Begleiter told the Russians the Cold War was over. He was the first to report to the Saudis that the Gulf War was looming. He even broke the news to Yasir Arafat’s aides that the United States was about to open a dialogue with Palestinian leaders. In 1990 he became the first and only Western news correspondent to accompany Soviet foreign minister Eduard Shevardnadze aboard a Soviet aircraft on an official diplomatic mission. Begleiter’s ninety-minute interview was the first of its kind before the collapse of the Soviet Union.
“What it meant,” Begleiter says, “was that the Soviet Union [was] now prepared to countenance the idea of an American news correspondent traveling with the Soviet foreign minister.”
As CNN’s world affairs correspondent from 1981 to 1999, Begleiter wrote and produced thousands of news reports and special programs that aired worldwide. He conceived and hosted Global View, a weekly interview program seen on CNN International, and coanchored International Hour, which aired daily during prime time. He also developed and hosted Cold War Postscript, a twenty-four-part weekly series about the connections between the history of the Cold War and today’s global affairs.
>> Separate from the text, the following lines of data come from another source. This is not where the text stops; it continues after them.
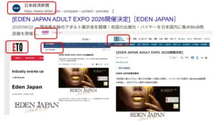 現在、EDEN JAPAN ADULT EXPOは日本国内だけではなく、海外からも多くのメディアから報道され、皆様からご支援を頂いております。 国内:PR TIMES 、日本経済新聞、産経新聞、朝日新聞、niftyニュース、楽天ニュース…など 海外:ChinaSexQ性商網(中国)、ETO(英国)…など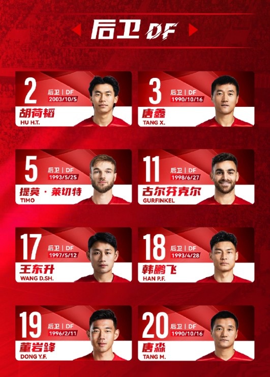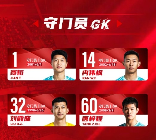 门将:1-蹇韬、14-冉伟枫、32-刘殿座、60-唐梓程
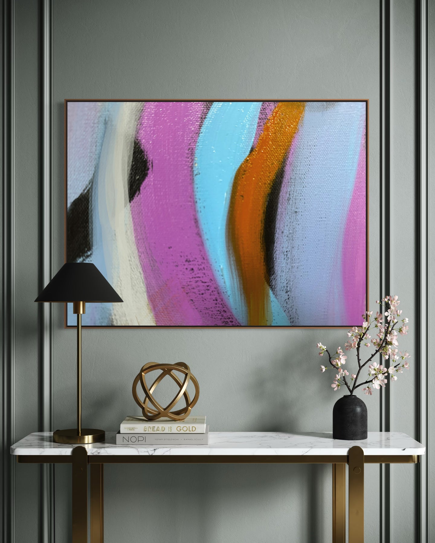 The title "Electric Melody" reflects the painting's ability to evoke a sense of rhythmic flow and powerful emotion, much like the pulse of a captivating melody. This piece captures the essence of movement and energy, making it a striking and engaging focal point that brings a touch of modern elegance and vitality to any space. It invites viewers to lose themselves in its vibrant world and feel the dynamic interplay of colors and forms.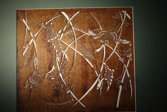 Bringt man die Begriffe Papier und Japan zusammen, denkt man vor allem an die berühmten Falttechniken - Origami genannt. Weniger geläufig sind die kunstvoll und minutiös geschnittenen Schablonen, mit denen man Stoffe einzufärben pflegte. Katagami heißen diese Färbeschablonen, die heute von Sammlern weltweit gesucht sind. Bekannt ist die Technik seit dem 7. Jahrhundert. Die in Lichtenwalde gezeigten Katagami stammen aus der Edo-Periode (1603/15 -1868) und entstanden in der Gegend um Kyoto. Nach der Öffnung Japans 1868 veränderte sich die Mode stark, so dass die Katagami an Bedeutung verloren. Grundsätzlich werden bei den Papierschnitten Schere oder Messer, manchmal auch beide Werkzeuge in Kombination verwendet. Zur Herstellung der Katagami benutzte man ausschließlich Messer. Bei komplizierten Mustern, an denen sich „freischwebende'1 Teile befinden, griff man zu einem unglaublichen Trick: Zwei dünne Papierblätter wurden überein-andergelegt und geschnitten, so dass zwei identische Muster entstanden. Zwischen beide Schichten klebte man hauchdünne Seidenfäden ein, an denen die losen Schnipsel „schweben".

Begleiter joined CNN a year after the network was founded. “I was among the skeptics who did not think all-news television would succeed,” he says. “Obviously I was very badly wrong.” He is now the Distinguished Journalist in Residence at the University of Delaware.
Irving R. Levine ’44
Blame Brown for the only time in Irving R. Levine’s career that the great television journalist was caught without his trademark bow tie. As the 1994 Commencement grand marshal, Levine appeared with a necktie in public for the first time in his life: “I needed help in tying it,” he said.
One of the true pioneers of broadcast news, Levine covered various airlifts, invasions, and international summits, but he will always be remembered as the first television-network correspondent to cover the economy full-time. He created the post of chief economics reporter at NBC in 1971, and when he reached mandatory retirement age in 1995, the network retired the title along with him.
While covering both the recessions of the 1970s and the booming economy of the 1980s, Levine became a master of explaining complex economic issues in terms that lay people could understand. “It sounds self-serving,” Levine said upon leaving NBC, “but I’ve always made a great effort to stay away from the jargon and use terminology that viewers can understand.”
In 1995 Levine received the Lifetime Achievement Award from the National Broadcasters Hall of Fame. He has written four books, including Main Street, USSR, which had the distinction of being both a nonfiction best-seller and a university textbook. Four years ago, Levine became dean of the college at Lynn University in Boca Raton, Florida.